Further, the one-dimensional channel attention module in the step 2 specifically includes: the input point cloud is expressed as m multiplied by 3 matrix P, P is input into the attention module, a feature map is generated to strengthen the weight of the channel, wherein m represents the number of the input point cloud, 3 represents the x, y and z coordinates of each point, and the specific definition is as follows:
ε=σ(CONV(P))⑵
wherein CONV represents one-dimensional convolution operation, sigma represents an activation function, values between 0 and 1 are obtained, the importance degree of different channels is represented, and then corresponding weights are distributed to the channels, and epsilon represents the importance of each characteristic channel;
multiplying the result epsilon with a matrix P to obtain a final output E, wherein the final output E is specifically defined as follows:
E=φ(P) ⑶
wherein E represents a feature matrix after feature mapping, and phi (°) represents feature mapping; thus, different characteristic channels are given different weights, wherein one-dimensional convolution also helps to learn the relationship between different characteristic channels more efficiently through nonlinearity, and can reduce the number of parameters and the overfitting situation.

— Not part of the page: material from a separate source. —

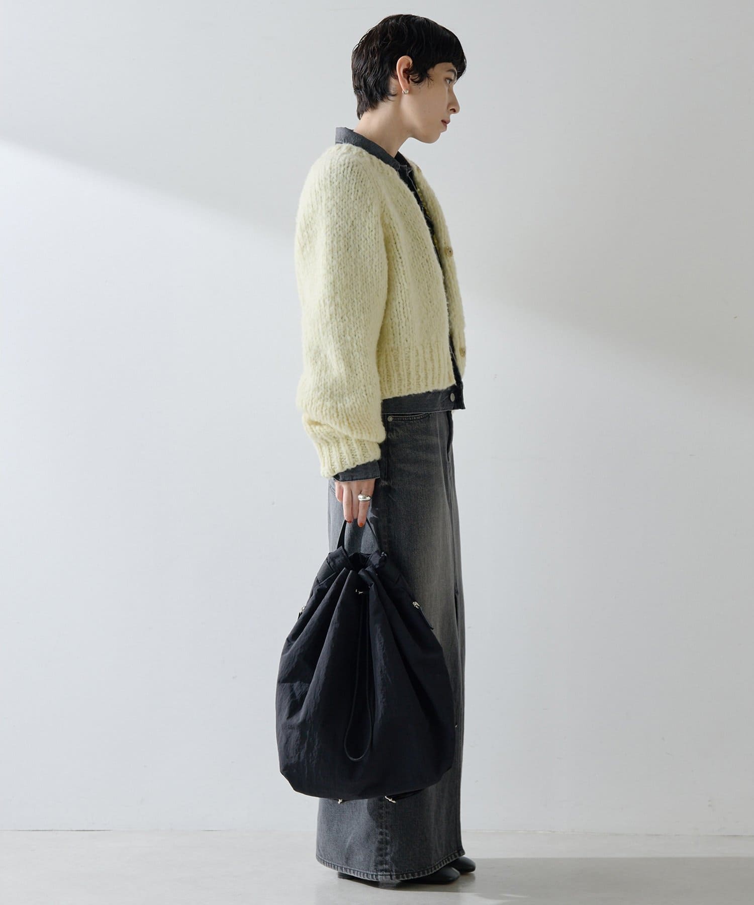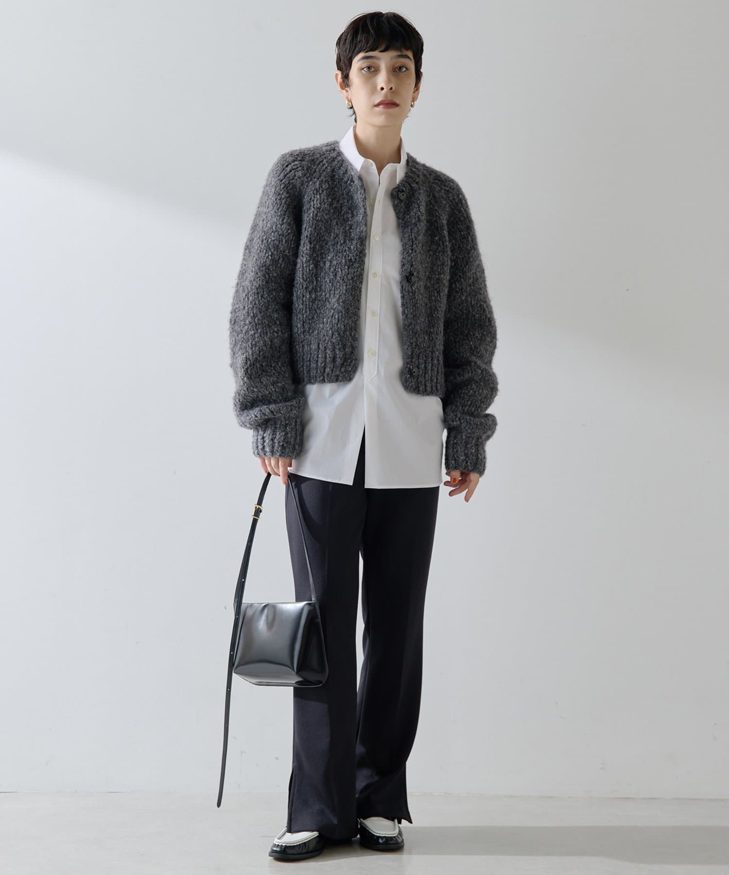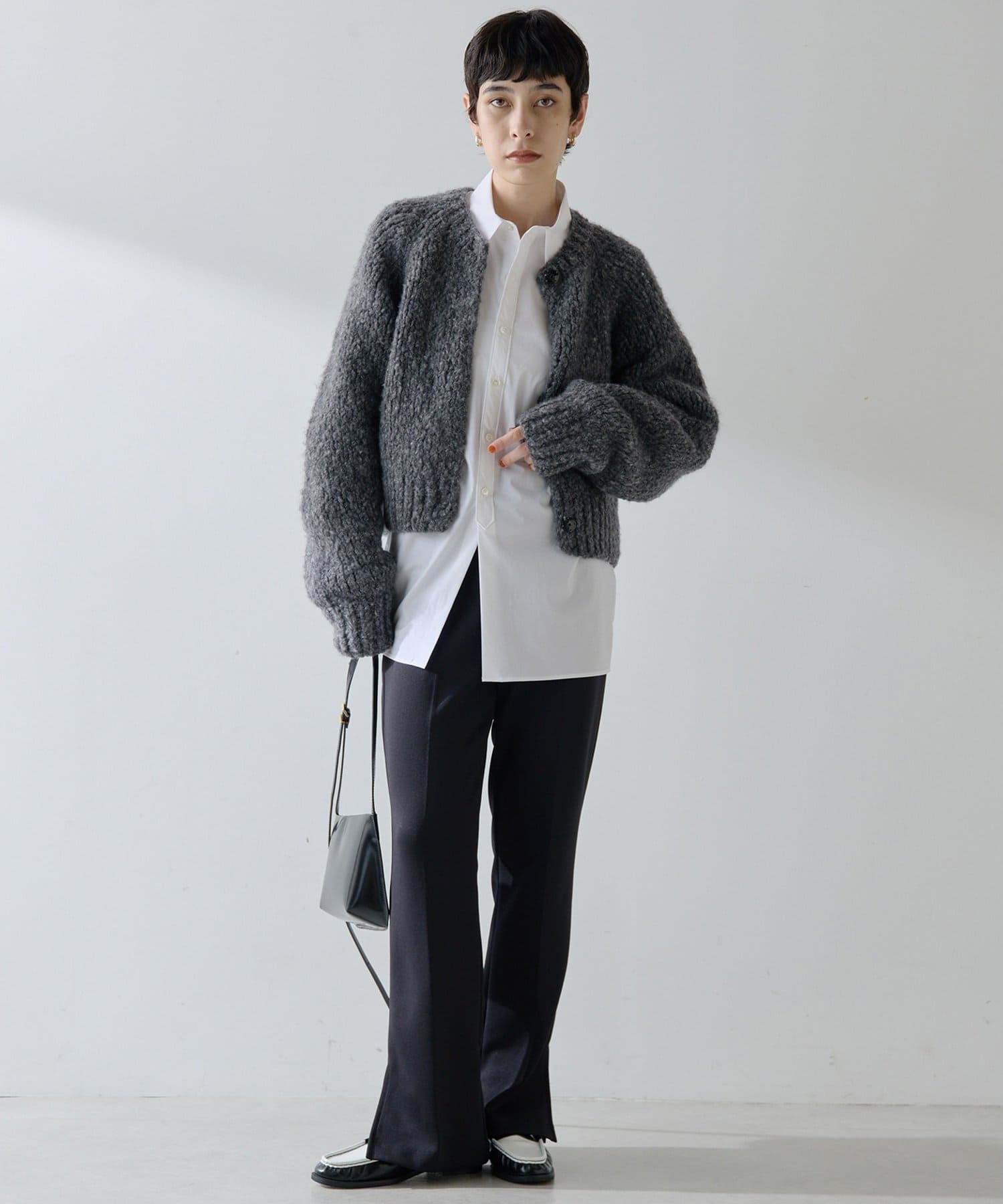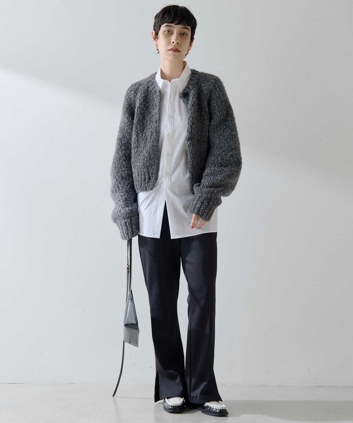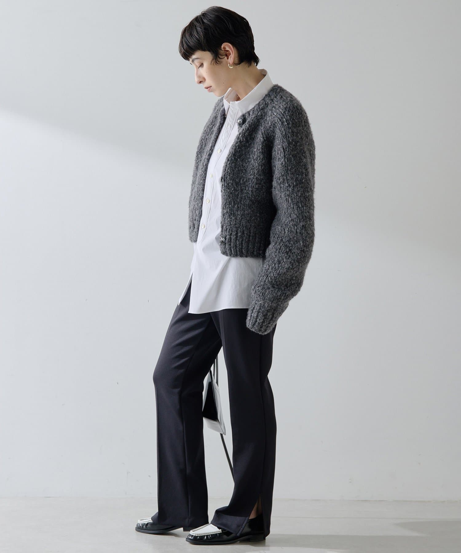 ■短めの着丈で合わせやすく、パンツやスカート、ワンピースなど様々なアイテムとのコーディネートを楽しめるアイテム。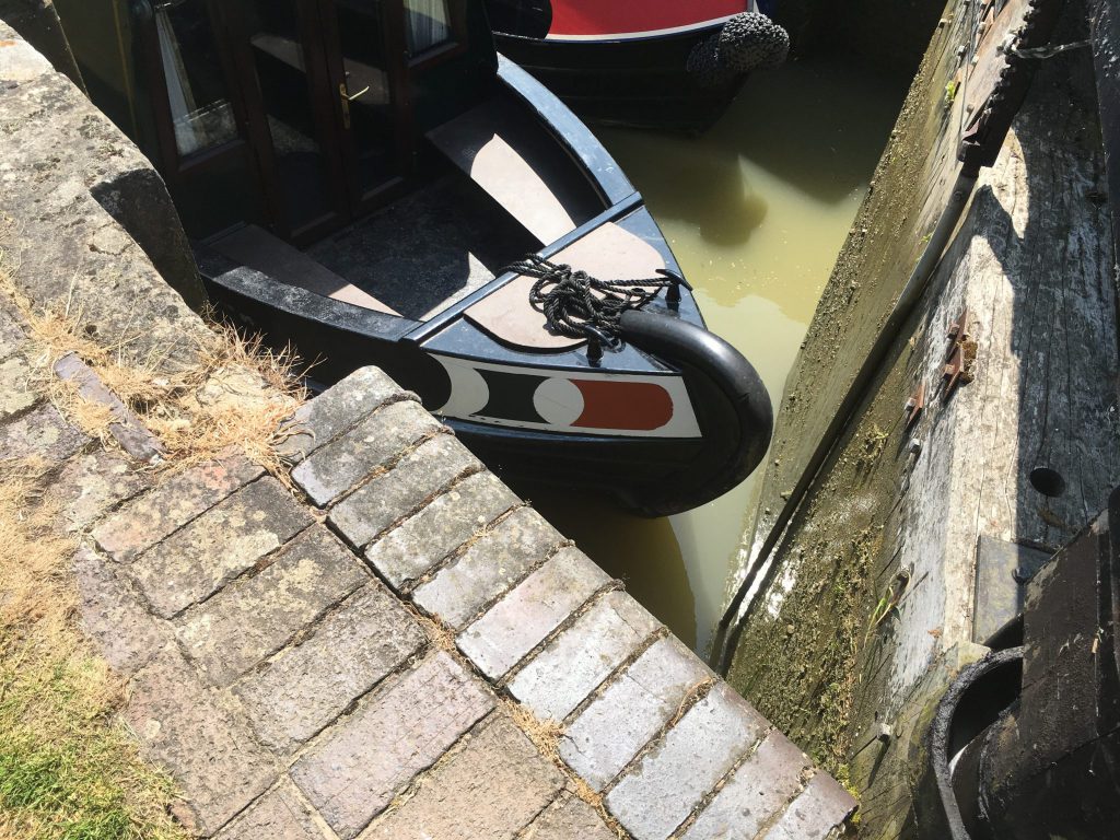 so we walked on again and they soon spotted a boat that was moored and looked like it was about to come through the lock.

Further, the encoder in step 2 performs feature extraction on the input point cloud by using a one-dimensional channel attention module, and the specific process is as follows: embedding a one-dimensional channel attention module in the two laminated PointNet layers to extract the geometric information of the input point cloud; each PointNet layer comprises a shared multi-layer perceptron and a maximum pooling layer as basic modules;
(1) In the first PointNet layer, the matrix P learns each point feature P by sharing the multi-layer perceptron i The feature matrix F, F is composed of the point features, and each behavior of the feature matrix F is learned i Multiplying F by a feature matrix E with the same size obtained by the one-dimensional channel attention module point by point;
(2) Finally obtaining 256-dimensional global features g through a point-by-point maximum pooling layer; in the second PointNet layer, global feature g and feature matrix are taken as inputs, g is taken as an input with each independent point feature P i Concatenating and expanding to generate an augmented point feature matrix
(3) Sharing the multi-layer perceptron and point-by-point max pooling by another similar to the first PointNet layer;
(4) Extracted 1024-dimensional global feature vector v epsilon R k Where k=1024.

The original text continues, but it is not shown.